The Malaysian Prime Minister announced Malaysia’s 2017 budget on 21 October 2016 highlighting some tax measures including corporate and personal income taxation changes. Highlighting proposals include important changes to the withholding tax rules, a temporary reduction of corporate income tax rates in certain circumstances, penalty provisions for failure to submit Country-by-Country (CbC) reports.

Removal of the withholding tax exemption in respect of interest

The Budget has proposed an exemption in respect of interest arising from an approved loan in Malaysia, or paid or credited to a non-resident company in the same group in respect of securities issued by the government, or in respect of ringgit-denominated Islamic securities and debentures, other than convertible loan stocks, approved by the Securities Commission.
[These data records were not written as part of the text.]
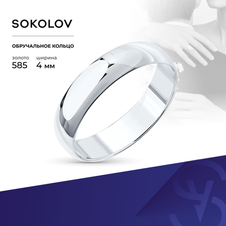 Обручальное кольцо из белого золота 585 пробы от бренда SOKOLOV - лучший выбор для тех, кто хочет сделать особенным свадебный день и стремится к совершенству, желая выразить свои чувства с помощью уникального и изысканного ювелирного изделия. Ширина кольца 4 мм, кольцо не бухтированное (без выемки с внутренней части). Предлагаем широкий ассортимент размеров изделий: маленьких и больших. Изысканное и яркое золотое кольцо создано известным ювелирным брендом, который славится своим качеством и элегантным дизайном. Уделяется внимание каждой детали производства: вы можете быть уверены в его прочности и долговечности. Изделие сохранит первозданную красоту на протяжении многих лет. Вы можете купить два изделия и получить парный комплект для женщины и мужчины на свадьбу. Сочетание простоты и минимализма придает украшению уникальный шарм, который подчеркнет индивидуальность и стиль. Тонкое и стильное исполнение добавит шарма и элегантности любому образу. Станет символом вашей любви и счастья, а также памятным украшением на всю жизнь. Прекрасный подарок на особый день или любой праздник. Универсальное: для мужского и женского стиля: непременно привлечет восхищенные взгляды окружающих. Великолепное сочетание минимализма и роскоши делает его универсальным аксессуаром, который подходит для любого наряда и события. Украшение легко сочетается с любыми другими ювелирными изделиями. Идеальный выбор для создания незабываемых моментов в жизни, как знак ваших отношений и любви. Кольцо из золота 585 пробы будет идеальным дополнением к вашему свадебному наряду и будет напоминать о счастливом дне каждый раз, когда вы на него смотрите. Подходит для тех, кто предпочитает простые и изысканные украшения. Сохранит блеск и красивый вид на протяжении многих лет. Очень легкое в уходе: можно просто протереть его тряпочкой из микрофибры. Благодаря своей форме идеально сидит на пальце во время носки, подчеркивая его красоту. Гладкая текстура и удобная посадка на палец обеспечивают комфортное ношение на протяжении всего дня. Отличный подарочный вариант золотых обручальных колец как для молодой пары, только вступающей в брак, так и для взрослой, которая хочет обновить свои брачные кольца. Минималистичный дизайн и сияющий блеск этого колечка станут настоящим сюрпризом для невесты. Подарите вашему партнеру что-то особенное, что он будет носить с гордостью и радостью на протяжении всей жизни. Вес товара в карточке является средним и может отличаться от веса аксессуара, который вы приобретаете в нашем магазине. Гарантия на брендовое ювелирное изделие составляет шесть месяцев со дня передачи товара потребителю. Произведено в России.
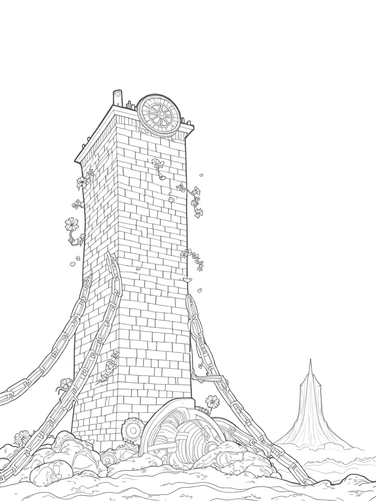 If you look closely, you’ll spot crumbling brickwork scattered around the scene, revealing hidden plants that peek through the cracks. There’s also a mysterious silhouette of a colossal titan in the distance, shrouded in mist. These little elements make this page more than just a coloring activity; they spark your imagination and invite stories to unfold as you bring the picture to life with color!
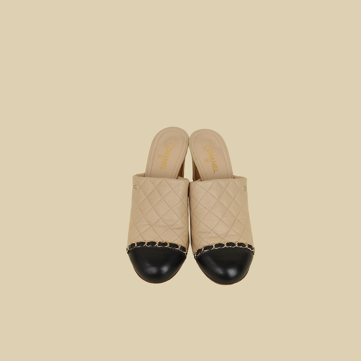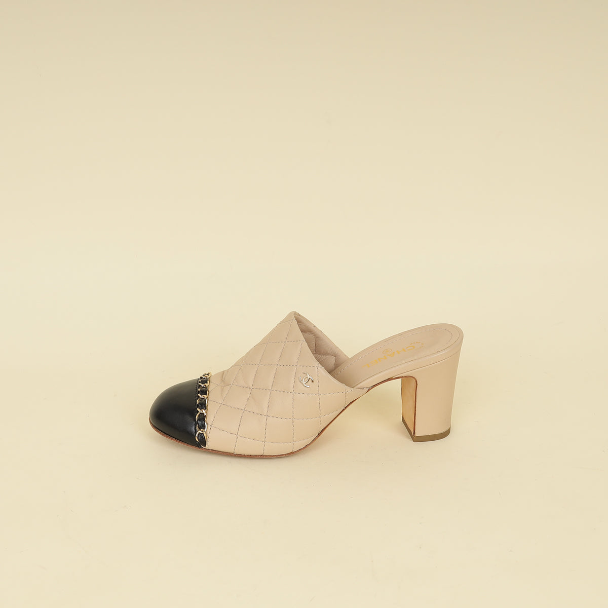 Chanel Bicolor CC Cap Toe Chain Quilted Mules 37.5
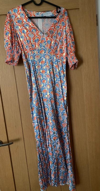 The Never Fully Dressed Satin Maxi Dress in Multi is available in sizes S.
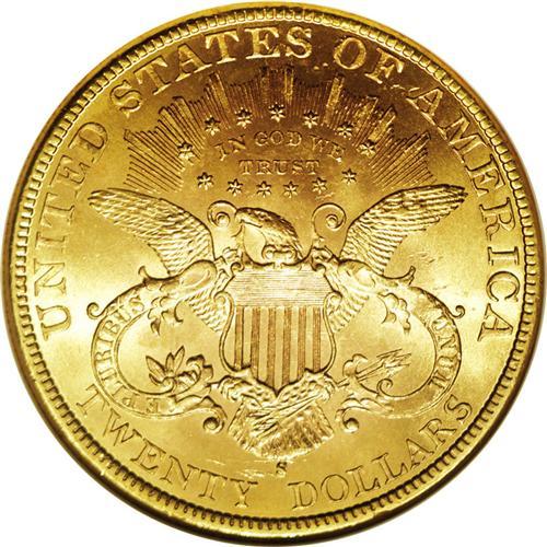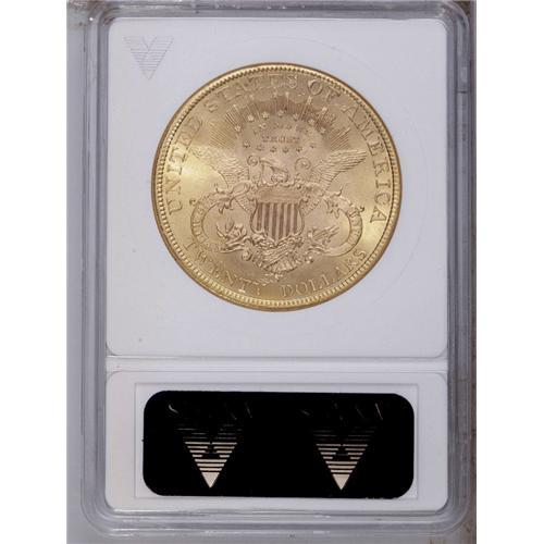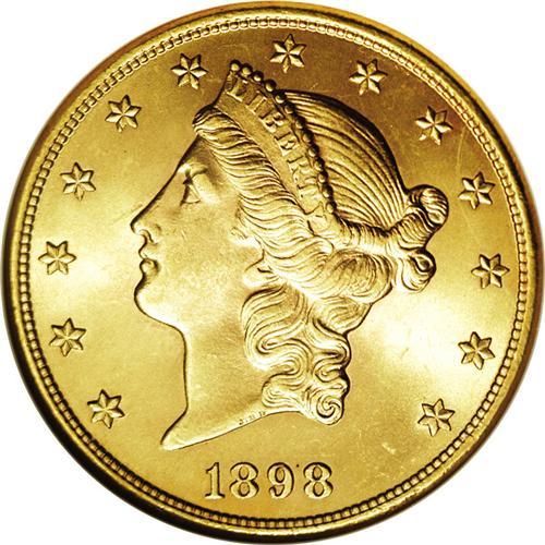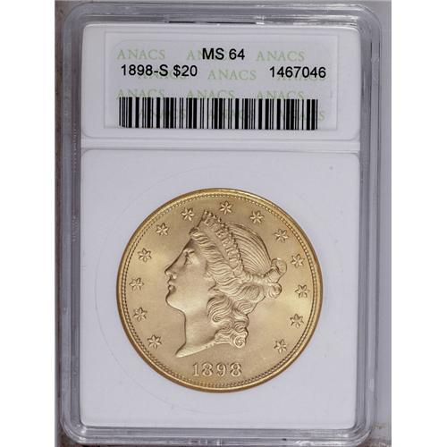 <B>1898-S $20 MS64 ANACS.</B></I> As is the case with the majority of later date San Francisco Liberty Double Eagle issues, the 1898-S is available in bagmarked Mint State condition. However, due to years of indifferent storage as bullion, those pieces without numerous detracting abrasions are relatively scarce. This lovely near-Gem possesses its full original luster, and the cheek and fields are clean even for the designated grade.
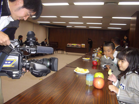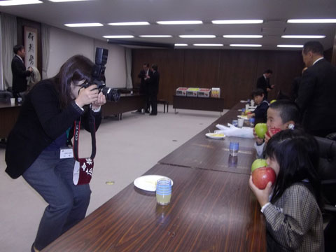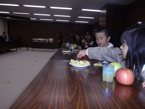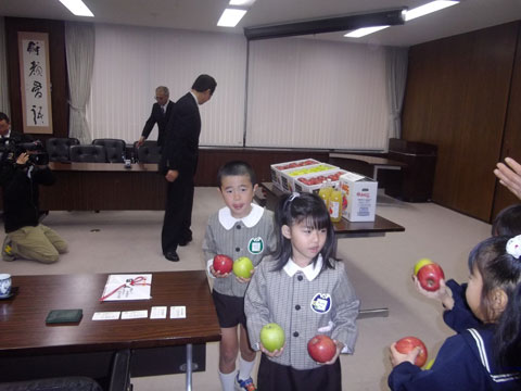 理事長よりりんごを受け取り、場の雰囲気に緊張しながらお礼を
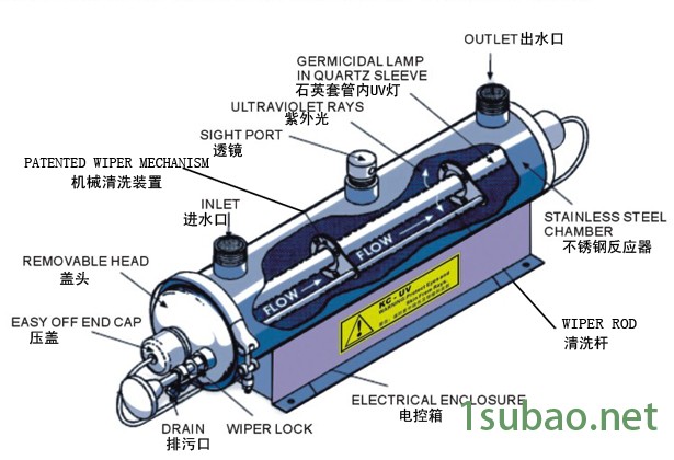 适用行业:KCF系列(管道封闭式)主要应用领域包括市政供水、地表水(井水、河水、湖水等)、工业用水(电子、医药、食品饮料)、泳池用水、景观水、循环冷却水、船舶用水、海水淡化、小流量的给水消毒等。产品特点:管道封闭式消毒器一般适用于中、小水量处理或有必要施加压力且消毒器不能在明渠中使用的情况。各种系统中外置密封石英套管的紫外线灯管都可以与水流方向垂直或平行布置。平行系统水力损失小、水流形式均匀,而垂直系统则可以使水流移动,提高消毒效率。 产品优势:
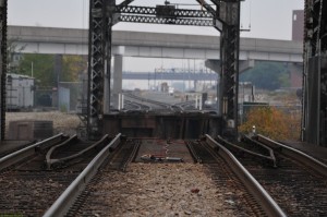 Eine Besonderheit im Chicagoer Schienennetz stellen die unzähligen beweglichen Brücken dar, welche die Gleistrasse zum passieren von Schiffen unterbrechen. Im Bild sieht man eine sehr alte Brücke, welche die Gleise samt Brücke vertikal nach oben ziehen kann. Momentan ist die Brücke oben.
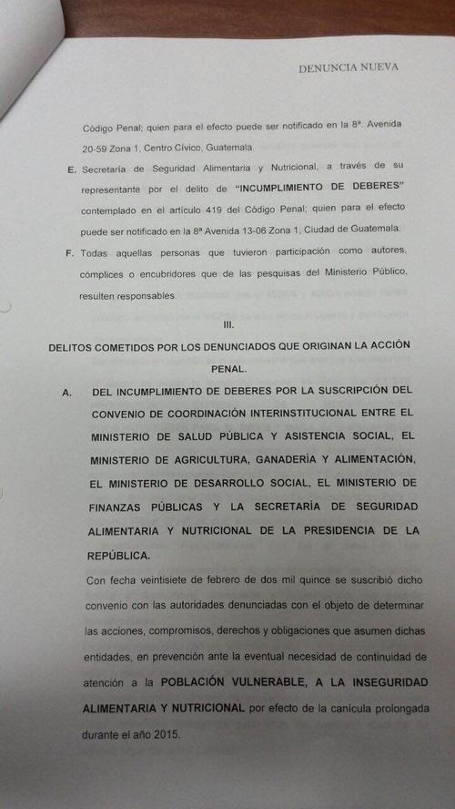 Cuatro ministerios y una secretaría fueron denunciados por incumplimiento de deberes y fraude, ya que se desconoce el destino de 238 millones de quetzales de un total de 700 millones de quetzales, que fueron operados para ser utilizados en beneficio de las personas afectadas por la canícula prolongada del año pasado.
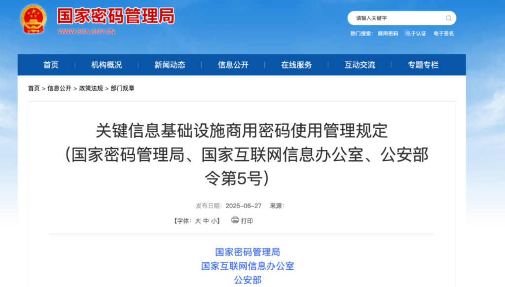 2025 年 6 月 27 日,國家密碼管理局、國家網信辦、公安部聯合發布《關鍵信息基礎設施商用密碼使用管理規定》,自 2025 年 8 月 1 日起正式施行。這是關鍵信息基礎設施(關基)網絡安全領域的重大變革,意味著所有關基單位必須將商用密碼使用納入從 “規劃-建設-運行-評估” 的全生命周期管理。
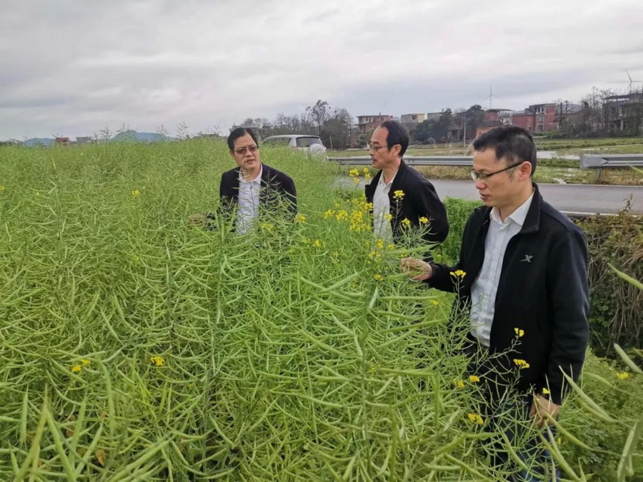 湘潭市统计部门会同农业农村部门一道对油菜生产情况进行实地调研查看。
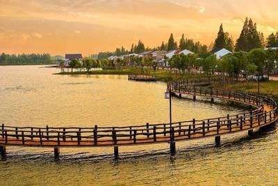 ⓞ沿塘下大道向南骑行2351米左转
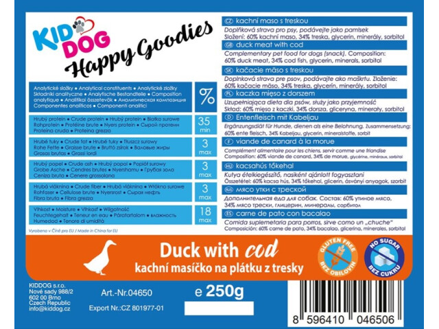 KidDog Recompense Pentru Caini, Felii De Cod Invelite Cu Rata, 250 g A04650
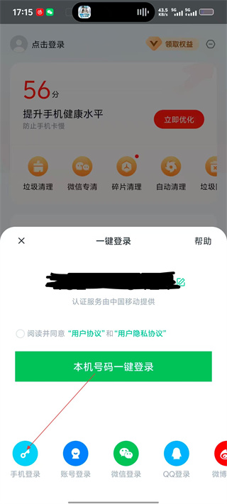 3、在登录界面可选择【本机号码一键登录】,也可切换至手机登录、账号登录等其他方式,需先勾选相关协议。

If enacted, the changes would apply from 2017.

Expansion of withholding tax on service fees and royalties

The Budget has proposed to amend the Malaysian withholding tax laws to apply a 10% withholding tax to all amounts paid or credited to nonresidents in consideration for services, even if such services are performed outside Malaysia.  In addition, the budget proposes to expand the definition of “royalty” to include any consideration paid for the use of or the right to use software. Accordingly, such amounts will be subject to the 10% domestic royalty withholding tax which may be reduced under tax treaties.

Reduction of corporate income tax rates

The Budget for 2017 proposed to reduce the corporate tax for the year of assessment 2017 and 2018. As per the proposal, the reduce tax rate will be between 1 and 4 percentage points for companies with the significant increase in taxable income for the year of assessment 2017 and 2018. Reduce tax rate from 19% to 18% will be applicable for SMEs with taxable income up to the first RM500,000.

The penalty rates for late return filing or late payment of GST

The Budget has proposed increasing the penalties for late return filing or late payment of GST as follows: 10% for 30 days or less; an additional 15% for 31 to 60 days and an additional 15% for 61 to 90 days. The provision providing for a maximum penalty of 25% of the GST owed would be removed. The proposed amendments would also clarify that the penalty applies to the GST wholly or partly owed.

Penalty provisions introduced for CbC reporting

The Budget also introduce penalties for the failure to furnish CbC reports, incorrect reporting or omission of information, and noncompliance with mutual administrative assistance. Failure to comply with the rules may subject a taxpayer to a fine of between RM20,000 (US$4,800) and RM100,000 (US$24,000), imprisonment for a maximum of 6 months, or both. The court may also issue a further order to the person to comply with the rules within 30 days or any other period as the court deems appropriate.